I read that, with EF Core, it is not obligated to use a using statement with the DBContext to dispose of it (or to call the de Dispose method directly). The garbage collector will do it. I also read that when you read the objects you've retrieved, they should dispose of too, but I am not sure if I understand correctly. Does it mean that if I do a toList() on a collection return by my DbContext, that my context will be disposed of at this moment? I have difficulties finding this specific answer on Google.

CodePudding user response:

The resource management of Entity Framework does not work in that manner. Entity Framework explicitly defines the lifetime when an instance created until the instance is disposed of.

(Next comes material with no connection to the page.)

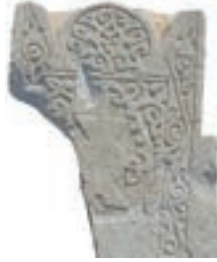
Resim 31. 304 nu

When the framework was developed, the fundamental purpose was to exist within a single unit-of-work which is why it is well suited for web applications, it can be used elsewhere- but the fundamental usage fit.

How you configure and scope your service will define the lifetime of the instance. But it should adhere to the following principals:

Typical unit-of-work would involve the creation of an instance, the tracking of the entity instances defined on the context, returned from query, added or attached to the context, change being made to the tracked entities. Then save those changes made and write them to the database. Then disposal of the instance.

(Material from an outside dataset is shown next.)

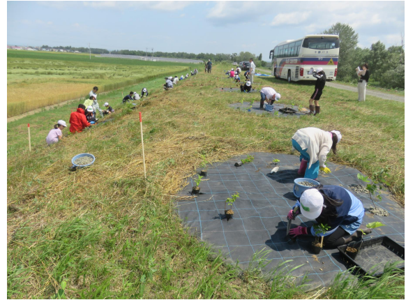
児童による植樹活動

So if you leverage a service such as:

public class CustomerAccountService : ICustomerAccountService
{
     private bool disposed = false;
     private readonly ICustomerRepository repository;

     public CustomerAccountService(ICustomerRepository repository) => this.repository = repository;

    // Additional logic would go here, including the implementation of the repository which will hold our DbContext.
}

When the CustomerAccountService is no longer scoped, then it would begin to clean dispose and clean up the Entity Framework instance as the lifetime has expired once the service. Keep in mind that the Dependency Injection container and your configuration will impact how this will be impacted. If you can, you should always add an IDispose that correctly reallocates those resources.

The documentation explicitly states:

It is very important to dispose the DbContext after use. This ensures both that any unmanaged resources are freed, and that any events or other hooks are unregistered so as to prevent memory leaks in case the instance remains referenced.